However, should an employer be dissatisfied with the productivity and output of their workforce, they may consider different methods of restoring efficiency. This may require staff to return to the office or more usual working patterns. However, where this is no longer feasible due to the size of the premises or availability of desk space, they may begin to consider ways of monitoring their employees as a way of increasing productivity, motivating staff and ensuring that the remote working practices that they have implemented are effective and appropriate.
Monitoring Employees Fairly
With evidence demonstrating that, on the whole, allowing staff to work from home actually increases productivity , employers must have a valid reason for implementing employee monitoring, choose their method of monitoring carefully, and apply it equally to their entire workforce. They should ensure that all staff understand why it is being implemented, what behaviours or issues the monitoring is attempting to identify or resolve, how the data gathered will be handled and what the impact will be should monitoring uncover an issue.

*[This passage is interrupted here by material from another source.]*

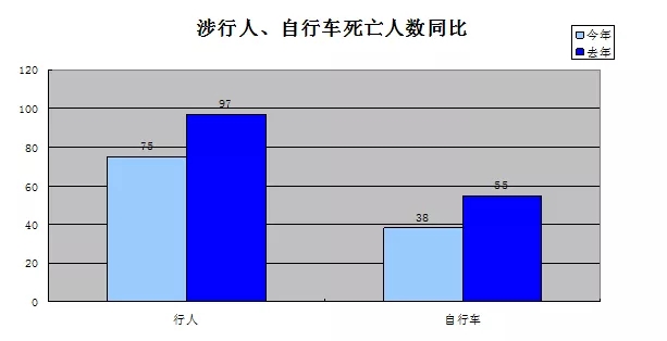 今年以來(lái),全市共發(fā)生涉行人事故死亡75人,同比減少22人,下降22.68%,占事故死亡總?cè)藬?shù)的27.08%。全市共發(fā)生涉自行車事故死亡38人,同比減少17人、下降30.91%,占事故死亡總?cè)藬?shù)的13.72%。我市慢行交通方式的道路安全水平進(jìn)一步提升。

If staff are not fully briefed and accepting of the monitoring solution that is to be applied, it may have the opposite effect to that intended, eroding trust, reducing morale and affecting staff mental health. Equally, if a particular demographic is targeted, the business will be discriminating against members of their workforce which, if disciplinary action was then taken against the targeted employees as a result of information uncovered by the monitoring, could put the business at risk of a constructive dismissal claim.
Constructive dismissal describes a situation where an employee leaves their job due to the unreasonable or unfair behaviour of their employer, as explained at https://www.employmentlawfriend.co.uk/constructive-dismissal. In a situation where employee monitoring is used by the business which leads to staff feeling victimised, discriminated against or directly creates a breakdown of trust, that business could be at risk of the employee commencing a case against them.
This delicate situation could have severe financial and reputational consequences for a business so it is always worth carefully balancing the need for employee monitoring with the risks of implementing it. If a decision is made to proceed, ensure that it is rolled out fairly, used appropriately and that employees are included in the decision-making process.
By giving employees the opportunity to raise concerns and contribute to discussions ahead of rolling out employee monitoring, they are less likely to be intimidated by the decision to implement this strategy. In updating and expressly including employee monitoring processes in the business’ HR policy, the business will be better able to protect itself against unintended consequences.